= Comparison of instruction set architectures =

An instruction set architecture (ISA) is an abstract model of a computer, also referred to as computer architecture. A realization of an ISA is called an implementation. An ISA permits multiple implementations that may vary in performance, physical size, and monetary cost (among other things); because the ISA serves as the interface between software and hardware, software that has been written or compiled for an ISA can run on different implementations of the same ISA. This has enabled binary compatibility between different generations of computers to be easily achieved, and the development of computer families. Both of these developments have helped to lower the cost of computers and to increase their applicability. For these reasons, the ISA is one of the most important abstractions in computing today.

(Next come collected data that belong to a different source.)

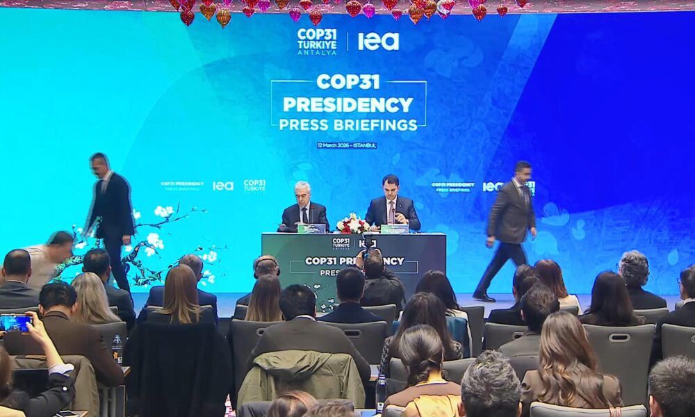 Çevre Şehircilik ve İklim Değişikliği Bakanı Murat Kurum COP31 Başkanlığı sürecine ilişkin düzenlenen basın toplantısında konuştu. Toplantıya Uluslararası Enerji Ajansı Başkanı Fatih Birol ve davetliler katıldı. Bakan Kurum konuşmasında “Bugün dünyanın, özellikle son dönemde en önemli konusu enerjinin ve iklim politikalarının kesiştiği bir eşikteyiz. Son yıllarda yaşanan jeopolitik gelişmeler ve çatışmalar, enerji arz zincirinin kırılganlığını bir kez daha ortaya koymuş, enerji güvenliği yeniden stratejik bir öncleik haline gelmiştir ki, bugün yaşadığımız savaşlar bunu net bir şekilde göstermektedir. Bu noktada Uluslararası Enerji Ajansı enerj güvenliği ve dönüşümü alanında belirleyici bir rol üstlenmiş ve bu alanda çok kritik bir referans haline gelmiştir. Enerji alanında olduğu gibi iklim krizinde de kritik bir eşikte bulunuyoruz. Dünyamız yaşadığımız orman yangınları kuraklık su stresi biyolojik çeşitlilik kaybı gıda ve enerji sistemleri üzerinde baskılarla kaşrı karşıya ” dedi.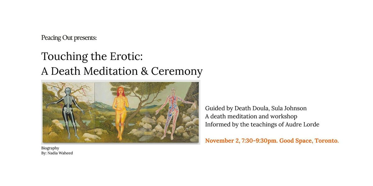This offering is grounded in Buddhist death practices (maraṇasati, or mindfulness of death) and the revolutionary teachings of Audre Lorde, who reminds us of the power of the erotic—not just as sexual, but as a deep well of feeling, joy, and aliveness.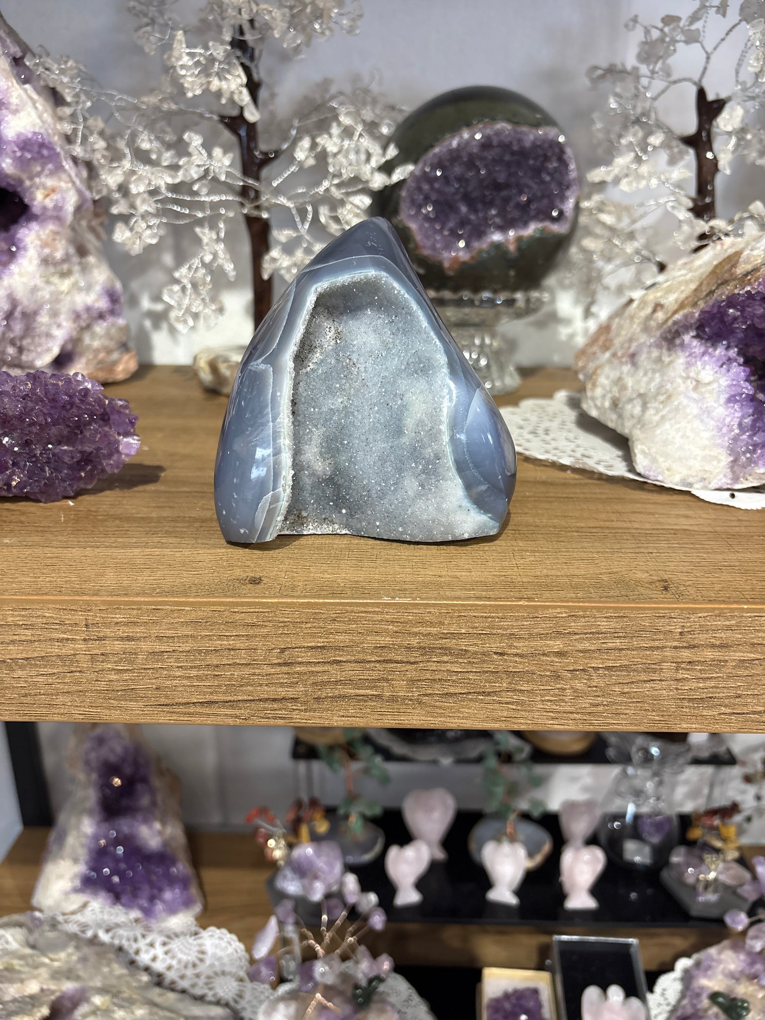 Experience the mesmerizing beauty of this hand-polished Brazilian agate flame, showcasing nature's artistry through stunning crystal druzy formations and intricate natural banding. This premium specimen combines the grounding energy of agate with the dynamic flame shape, revealing layers of geological history and sparkling crystal pockets that catch the light from every angle.

An ISA defines everything a machine language programmer needs to know in order to program a computer. What an ISA defines differs between ISAs; in general, ISAs define the supported data types, what state there is (such as the main memory and registers) and their semantics (such as the memory consistency and addressing modes), the instruction set (the set of machine instructions that comprises a computer's machine language), and the input/output model.

== Data representation ==
In the early decades of computing, there were computers that used binary, decimal and even ternary. Contemporary computers are almost exclusively binary.

Characters are encoded as strings of bits or digits, using a wide variety of character sets; even within a single manufacturer there were character set differences.

Integers are encoded with a variety of representations, including sign-magnitude, ones' complement, two's complement, offset binary, nines' complement and ten's complement.

Similarly, floating-point numbers are encoded with a variety of representations for the sign, exponent and mantissa. In contemporary machines IBM hexadecimal floating-point and IEEE 754 floating point have largely supplanted older formats.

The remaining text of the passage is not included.